The cradle of every contemporary Sunni jihadism, the Ikhwan, which -however – establishes its base in the Emirate which is politically closer to the Shiite Iran and in the traditional geoeconomic and strategic-military opponent of Qatar and the Muslim Brotherhood, namely Saudi Arabia.
Doctrinal paradoxes that are certainly not mere coincidence. As we will see later on, wars are waged with religions and myths, almost more than with AK-47 Kalashnikovs which, if anything, stem from those religions and myths.
Certainly, in the Israeli strategic thought, the current “war of attrition” which opposes Israel and Iran – particularly in Syria – is destined to inflict a psychological defeat on Iran by Israel alone, which – in the short term – deters the Iranian decision makers from launching the primary direct attack.
As seen also recently, traditionally Iran tends to defeat its opponent with the great mass of averagely armed soldiers, who discourage it from continuing its fight (the model with which Imam Khomeini peacefully conquered his own country).
This is a model also at work in Hezbollah’ strategic thinking.
The same model followed by the Persians in the Battle of Thermopylae – as the classics teach us.
King Leonidas’ 300 Spartan soldiers, however, fought all to death against the invading Persian forces.

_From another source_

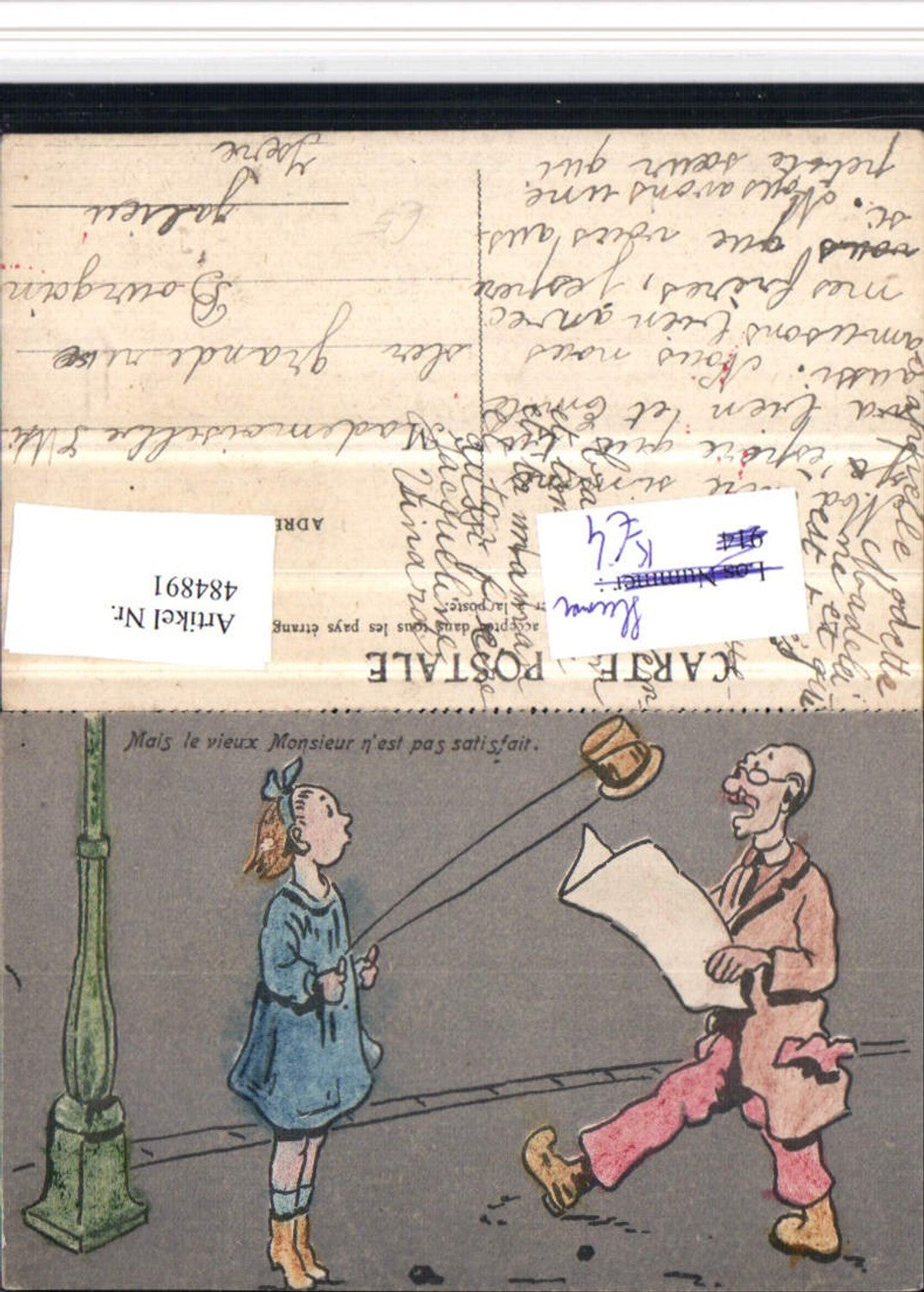 484891,Künstler AK Scherz Humor Mann Hut Mädchen Seil

Their sacrifice was commemorated by Simonides in the famous epitaph “Go tell the Spartans, stranger passing by / That here obedient to their laws we lie” which can still be read on the hill overlooking Thermopylae.
However, two are the weak points of the Iranian Grand Strategy against Israel: firstly, the strong social and economic weakness of the regime, which pushes the Iranian leaders to make wars of attrition “outside”, so as to create a rapid patriot unity “inside”, and possibly even send its dangerous masses to the front.
During the 2017 uprising for supporting their Iraqi Kurdish brothers, the Kurds acted in such a way as to severely jeopardize the Iranian security, while in 2006 the Azeris set fire to the government buildings of their Iranian North-East – not to forget the huge 2009 “Iranian Green Movement”, after the re-election of Mahmoud Ahmadinedjad. These are all signs that the vast minorities of the Islamic Republic of Iran are capable of severely undermining the stability of the regime. And mass poverty will play its sad role.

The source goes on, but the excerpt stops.